DE202017104696U1 - Feeding system with pressure compensation control - Google Patents

Abstract

A delivery system with pressure balance control, comprising: a pressure vessel for receiving a liquid material; a pressure sensor for detecting the internal pressure of the pressure vessel, the pressure sensor being attached to the pressure vessel; a level sensor for detecting the level of the liquid material, wherein the level sensor is mounted on the pressure vessel; an air pressure regulating element for controlling the internal pressure of the pressure vessel, the air pressure regulating element having an air pressure line continuously connected to the pressure vessel, wherein an adjustable air pressure is supplied to the pressure vessel from the air pressure regulating element via the air pressure line; a feed means for introducing the liquid material into the pressure vessel, the feed means being connected to the pressure vessel throughout; and a controller, wherein the controller is connected to the pressure sensor, the level sensor, the air pressure control element and the supply and receives the pressure signal detected by the pressure sensor and the level signal detected by the level sensor to perform a proportional-differential control, whereby a differential control signal for controlling the operation the air pressure regulating element and the operation of the feeder is generated to dynamically control the fluid pressure in the pressure vessel.

Description

Field of the invention

The present invention relates to a supply system for liquid materials, and more particularly to a delivery system with pressure balance control.

State of the art

Ultrasonic spraying is a non-vacuum based coating process. Ultrasonic spraying is characterized by a high material utilization. By using this method, both the requirements for reducing the amount of expensive materials and environmental protection requirements can be met, as well as large-scale production. It has the properties of high precision in liquid supply control and low material loss, and has the advantages of high yield and high productivity in production. With this method, the previously high production costs can be reduced in the coating industry and meet the requirements of modern industrial manufacturing.

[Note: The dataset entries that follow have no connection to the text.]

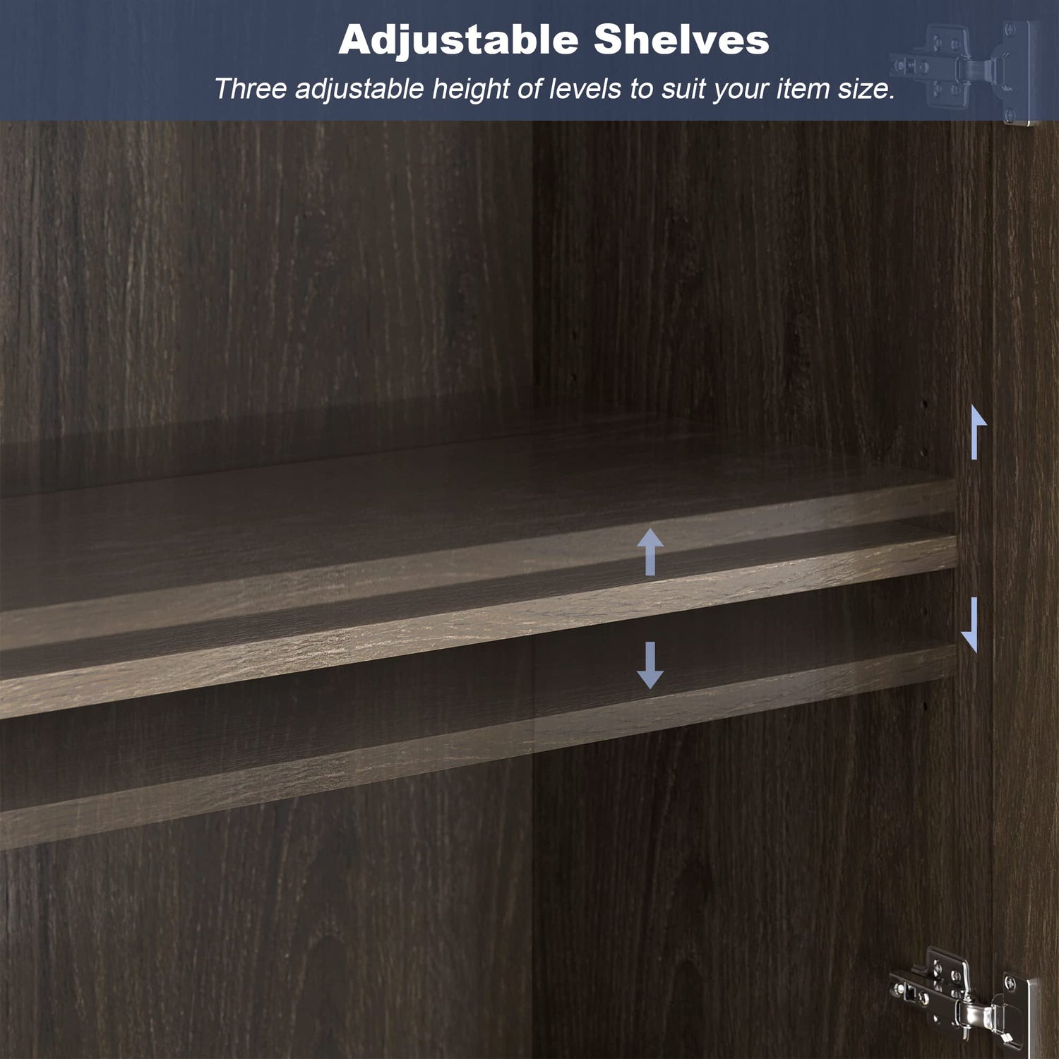 - [STURDY CONSTRUCTION] Built for long-lasting durability thanks to the strong manufactured wood construction. This hardy wooden cupboard server is fitted with tempered glass cabinet doors that are shatter and break-resistant.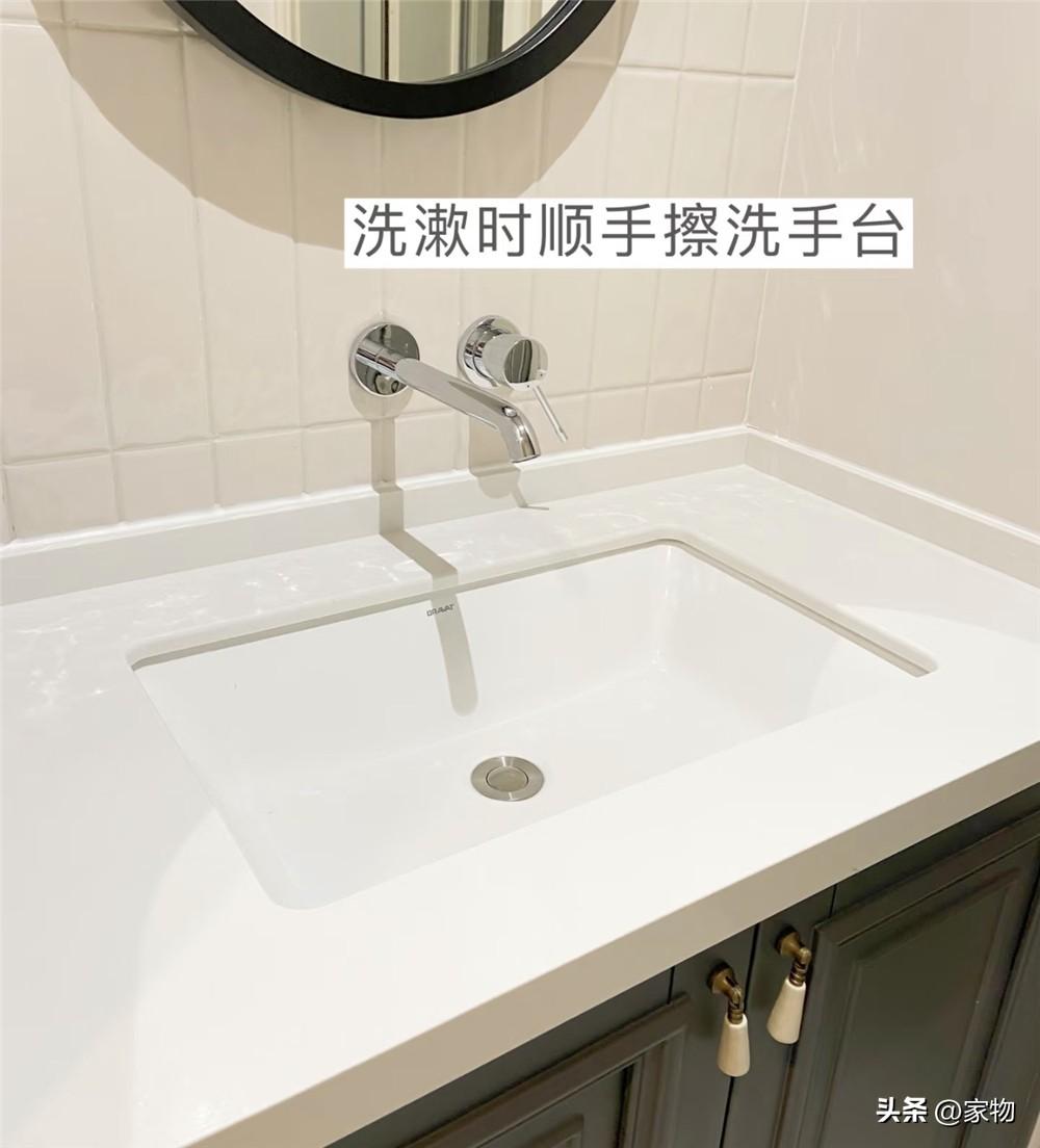 又比如日常洗漱時濺到洗手檯上、水龍頭上的水漬,擦乾淨也就是順手的事兒,就這麼個小習慣,讓家裏的洗手檯周圍總是看着乾乾淨淨,看起來舒服多了。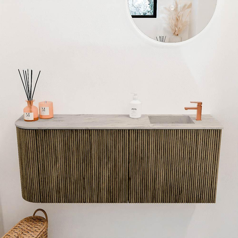 Le meuble attire immédiatement l’attention par son design raffiné avec des nervures verticales et la combinaison de chêne massif et de placage chêne. La couleur chaude Dusk crée une atmosphère naturelle et calme, parfaite pour donner à votre salle de bains une apparence luxueuse. Grâce à l’arrondi subtil sur le côté gauche, le meuble a un aspect particulier et distinctif, sans dominer. Cela permet au meuble de s’adapter facilement à différents styles d’intérieur. Ainsi, vous profitez d’une salle de bains qui n’est pas seulement belle, mais aussi un véritable point fort.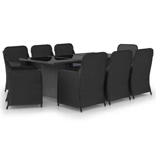 Uwaga: zalecamy przykrycie zestawu na czas deszczu, śniegu i mrozu. Stół: Kolor: czarny Materiał: rattan PE, szkło, stal malowane proszkowo Wymiary: 200 x 100 x 74 cm (dł. x szer. x wys.) Krzesło: Kolor: czarny Kolor poduszki: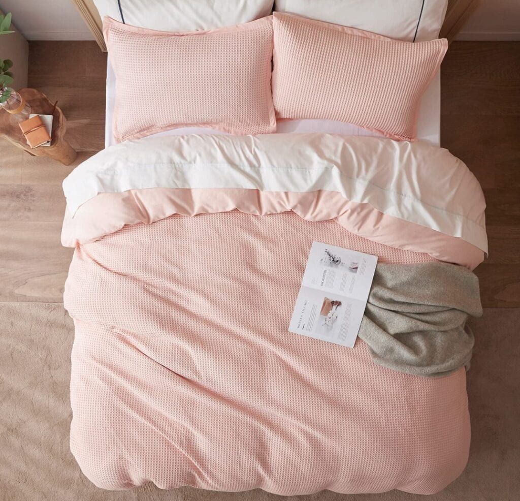 Take a look at this review of this duvet set: “Absolutely in LOVE with this duvet cover. It’s so soft and luxurious. The waffle weave is awesome for adding some texture to your bedding. It looks like something from a high end store. I have purchased a lot of bedding items off Amazon and this is hands down my favorite thing so far.”

in the Taiwanese patent M517023 discloses a closed-loop pressure feed control system in which the pressure of the liquid outlet is detected by a liquid pressure sensor and then returned to the air pressure controller for controlling the discharged air pressure to allow the inner pressure of the pressure vessel to be precisely controlled, ie, the purge amount Liquid material can be controlled and thus the requirements placed on the production can be met.

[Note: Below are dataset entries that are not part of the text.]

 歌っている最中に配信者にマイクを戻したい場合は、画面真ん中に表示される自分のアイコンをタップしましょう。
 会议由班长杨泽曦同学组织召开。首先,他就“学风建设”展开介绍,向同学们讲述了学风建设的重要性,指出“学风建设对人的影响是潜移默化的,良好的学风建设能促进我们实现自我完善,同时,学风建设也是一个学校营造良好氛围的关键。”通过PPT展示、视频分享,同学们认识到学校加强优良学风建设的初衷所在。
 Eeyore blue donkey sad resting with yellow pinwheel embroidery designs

However, in a continuous spraying process with the amount of liquid material taken up by the pressure vessel, the need for continuous spraying for a long time can not be met. For this reason, a supply device for liquid materials has hitherto been arranged on the pressure vessel. The feeder can spray continuously provide a liquid material for insertion into the pressure vessel to meet the need for long term injection.

In conventional feeders gear pumps, peristaltic pumps, piston pumps or screw pumps are used for material compensation in the pressure vessel in the rule. Using different types of pumps, materials can be quantitatively compensated. When a large amount of liquid material is introduced into the pressure vessel in the material compensation, since the pressure vessel has an airtight space having a certain pressure, a pulse comes about due to a sudden flow instability. This leads to a fluctuating fluid pressure in the pressure vessel. As a result, the quality of the ultrasonic spraying is impaired, so that the requirements imposed on the precision coating can not be met.

Object of the invention

The main object of the present invention is to disclose a delivery system by which a stable source of fluid pressure can be provided.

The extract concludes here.